See Quenneville et al. (2006) and Dagum and Cholette (2006) for details.

Autoregressive Parameter \(\rho\) and bias

Parameter \(\rho\) (argument rho) is associated to the change between the (input) indicator and the (output) benchmarked series for two consecutive periods and is often called the movement preservation parameter. The larger the value of \(\rho\), the more the indicator series period to period movements are preserved in the benchmarked series. With \(\rho = 0\), period to period movement preservation is not enforced and the resulting benchmarking adjustments are not smooth, as in the case of prorating (\(\rho = 0\) and \(\lambda = 0.5\)) where the adjustments take the shape of a step function. At the other end of the spectrum is \(\rho = 1\), referred to as Denton benchmarking, where period to period movement preservation is maximized, which results in the smoothest possible set of benchmarking adjustments available with the function.

The bias represents the expected discrepancies between the benchmarks and the indicator series. It can be used to pre-adjust the indicator series in order to reduce, on average, the discrepancies between the two sources of data. Bias correction, which is specified with arguments biasOption and bias, can be particularly useful for periods not covered by benchmarks when \(\rho < 1\). In this context, parameter \(\rho\) dictates the speed at which the projected benchmarking adjustments converge to the bias (or converge to no adjustment without bias correction) for periods not covered by a benchmark. The smaller the value of \(\rho\), the faster the convergence to the bias, with immediate convergence when \(\rho = 0\) and no convergence at all (the adjustment of the last period covered by a benchmark is repeated) when \(\rho = 1\) (Denton benchmarking). Arguments biasOption and bias are actually ignored when \(\rho = 1\) since correcting for the bias has no impact on Denton benchmarking solutions. The suggested value for \(\rho\) is \(0.9\) for monthly indicators and \(0.9^3 = 0.729\) for quarterly indicators, representing a reasonable compromise between maximizing movement preservation and reducing revisions as new benchmarks become available in the future (benchmarking timeliness issue). In practice, note that Denton benchmarking could be approximated with the regression-based model by using a \(\rho\) value that is smaller than, but very close to, \(1.0\) (e.g., \(\rho = 0.999\)).

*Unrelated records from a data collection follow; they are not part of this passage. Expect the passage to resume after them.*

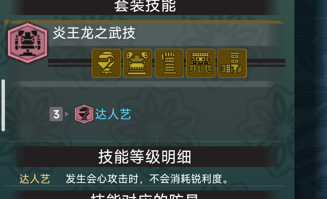 在這一時期,絕大多數裝備都使用炎王龍三件套,因爲他的套裝效果“達人藝”可以讓你在會心的時候不消耗斬味,會心越高效果越好,自身孔位也不錯,自帶技能也不算完全沒用。這一時期我們已經有了一定的珠子基礎。而且最關鍵的是,因爲可以鍊金削擊珠了,輕武器將不比攜帶削擊護石,可以換成耐絕護石之類的。長槍等帶盾武器則鍊金強壁珠之後換成鐵壁護石5,這樣一樣出滿防禦性能和防禦強化。
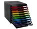 Los módulos A4 de Exacompta cuentan con cajones cerrados que permiten mantener los documentos libres de polvo. Deslizamiento perfecto de los cajones, con stop de seguridad, tirador de cajón confortable y porta-etiqueta.
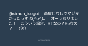 @simon_isogai  贔屓目なしでマジ良かったっすよ(^o^)。 オーラありました! こういう場合、RTなの?Reなの? (笑)
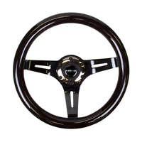 NRG Classic Wood Grain Steering Wheel (310mm) Black w/Black Chrome 3-Spoke Center
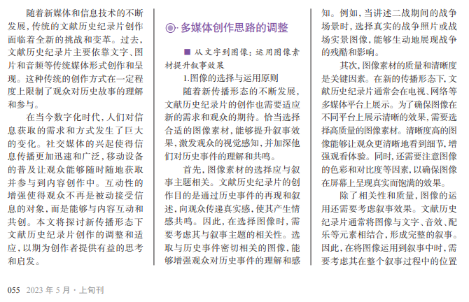随着科技的发展和传播方式的多样化,传统的文字叙述方式已经无法满足现代 社会对历史的理解和传播需求。在新传播形态下,需调整与适应文献历史纪录片的创 作思路,以实现超越文字的多媒体叙事。
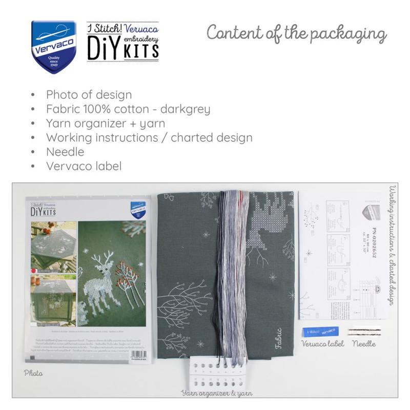 • Die Packung enthält die fertig genähte Tischdecke (100% Baumwolle,  das vorgedruckte Design verschwindet nach der Wäsche), Stickanleitung in 8 Sprachen, DMC Stickgarne 6 Farben (100% Baumwolle), Frontbild und Sticknadel

See Dagum and Cholette (2006) for a complete discussion on this topic.

Alterability Coefficients

Alterability coefficients \(c_{s^\dagger}\) and \(c_a\) conceptually represent the measurement errors associated with the (bias corrected) indicator time series values \(s^\dagger\) and benchmarks \(a\) respectively. They are nonnegative real numbers which, in practice, specify the extent to which an initial value can be modified in relation to other values. Alterability coefficients of \(0.0\) define fixed (binding) values while alterability coefficients greater than \(0.0\) define free (nonbinding) values. Increasing the alterability coefficient of an intial value results in more changes for that value in the benchmarking solution and, conversely, less changes when decreasing the alterability coefficient. The default alterability coefficients are \(0.0\) for the benchmarks (binding benchmarks) and \(1.0\) for the indicator series values (nonbinding indicator series). Important notes:

  • With a value of \(\rho = 1\) (argument rho = 1, associated to Denton Benchmarking), only the default alterability coefficients (\(0.0\) for a benchmark and \(1.0\) for a an indicator series value) are valid. The specification of user-defined alterability coefficients variables is therefore not allowed. If such variables are specified (see arguments var and with), the function ignores them and displays a warning message in the console.

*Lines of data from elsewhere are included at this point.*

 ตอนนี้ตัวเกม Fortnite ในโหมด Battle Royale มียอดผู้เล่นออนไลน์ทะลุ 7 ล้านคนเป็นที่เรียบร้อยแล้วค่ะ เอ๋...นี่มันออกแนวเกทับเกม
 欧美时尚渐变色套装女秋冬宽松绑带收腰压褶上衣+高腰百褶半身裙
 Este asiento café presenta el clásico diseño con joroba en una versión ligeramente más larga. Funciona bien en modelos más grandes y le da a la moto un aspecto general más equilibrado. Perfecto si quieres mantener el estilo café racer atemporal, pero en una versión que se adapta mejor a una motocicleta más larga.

  • Alterability coefficients \(c_{s^\dagger}\) come into play after the indicator series has been corrected for the bias, when applicable (\(c_{s^\dagger}\) is associated to \(s^\dagger\), not \(s\)). This means that specifying an alterability coefficient of \(0.0\) for a given indicator series value will not result in an unchanged value after benchmarking with bias correction (see arguments biasOption and bias).

Nonbinding benchmarks, when applicable, can be recovered (calculated) from the benchmarked series (see output data frame series in section Value). The output benchmarks data frame always contains the original benchmarks provided in the input benchmarks data frame (argument benchmarks_df).

Benchmarking Multiple Series

Multiple series can be benchmarked in a single benchmarking() call, by specifying allCols = TRUE, by (manually) specifying multiple variables with argument var (and argument with) or with BY-group processing (argument by != NULL). An important distinction is that all indicator series specified with allCols = TRUE or with argument var (and benchmarks with argument with) are expected to be of the same length, i.e., same set of periods and same set (number) of benchmarks. Benchmarking series of different lengths (different sets of periods) or with different sets (number) of benchmarks must be done with BY-group processing on stacked indicator series and benchmarks input data frames (see utility functions stack_tsDF() and stack_bmkDF()). Arguments by and var can be combined in order to implement BY-group processing for multiple series as illustrated by Example 2 in the Examples section. While multiple variables with argument var (or allCols = TRUE) without BY-group processing (argument by = NULL) is slightly more efficient (faster), a BY-group approach with a single series variable is usually recommended as it is more general (works in all contexts). The latter is illustrated by Example 3 in the Examples section. The BY variables specified with argument by appear in all three output data frames.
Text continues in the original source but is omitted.